5 Essential Feminist Reads

The winter weather that Ellensburg has experienced in the past few weeks has made me want to sit down and read a good book. And to keep it within the realm of feminism, I’ve decided to name a few of my favorite feminist reads that everyone should take a glance at. These books made history and challenged gender norms and politics, so I definitely recommend sitting down and reading these!


The Feminine Mystique - Betty Friedan

This book is known for its quintessential second wave feminist ideals. It was published in 1963 and soon became one of the first pieces of feminist theory to become a mainstream hit.
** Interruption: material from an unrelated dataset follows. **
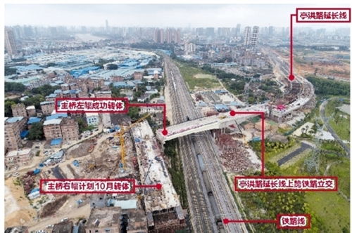 据了解,亭洪路延长线设计为东西走向,向西修建会跨越湘桂铁路、南昆客专及拟修建的南崇城际铁路。按常规修建的立交桥,往往是上跨道路搭建脚手架,或封闭下跨的道路,然后浇灌混凝土,待混凝土干后拆除脚手架,一般需要数月时间。然而,亭洪路延长线上跨的铁路要确保正常运营,且高铁对现场的施工要求更高,即动车在运营中上方不能有搭架物。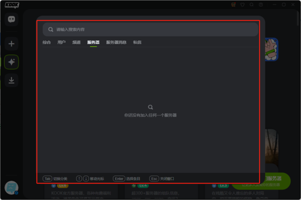 3、搜索界面加入。除此之外,我们还可以点击kook界面右上角【放大镜】图标,在搜索界面搜索、加入服务器(该方式是以服务器号进行搜索)。

Friedan discusses the idea of “MRS. Degree” mentality of higher education for women, along with the poor treatment of women with mental illness. This piece has shaped feminist theories for over half a century.


The Handmaid’s Tale - Margaret Atwood

Atwood’s The Handmaid’s Tale is a primary example of feminist speculative fiction. The story follows a woman who is a member of the fertile female servant class in a fundamental Christian-based dystopian government that is forced to reproduce with members of the ruling upper-class. In a time where women’s reproductive health is a topic of discussion, this novel remains pertinent thirty years after being published.


Sister Outsider - Audre Lorde

With the rise of intersectional feminism in recent years, Lorde’s Sister Outsider remains at the forefront of discussion. Lorde brings a queer, black, feminist perspective, which changed the way feminism is now looked at. Much of what has been derived from intersectional feminism is owed to Lorde and her collection of essays and speeches on homophobia, racism, and sexism.


The Golden Notebook - Doris Lessing

This 1962 Nobel Prize for Literature winning-novel discusses what was thought of as unspeakable; women as sexual beings. In a time where women were not thought of as creatures with sexual desires, this novel shocked many. Lessing discusses the nasty bits of feminine life with such a tone of raw emotion that was unheard of for a female author of that era.


The Second Sex - Simone de Beauvoir

Written in 1949, author and philosopher de Beauvoir’s book started as an autobiography discussing what she thought of herself as a woman and then everything else second. She combines sharp-witted critical theory with personal analogies that have been a part of feminist theory for seventy years.


Again, I urge everyone to pick up these books. These are the works of those who shaped modern feminism and women’s rights as a whole, and they lead to whole new discussions about humanity.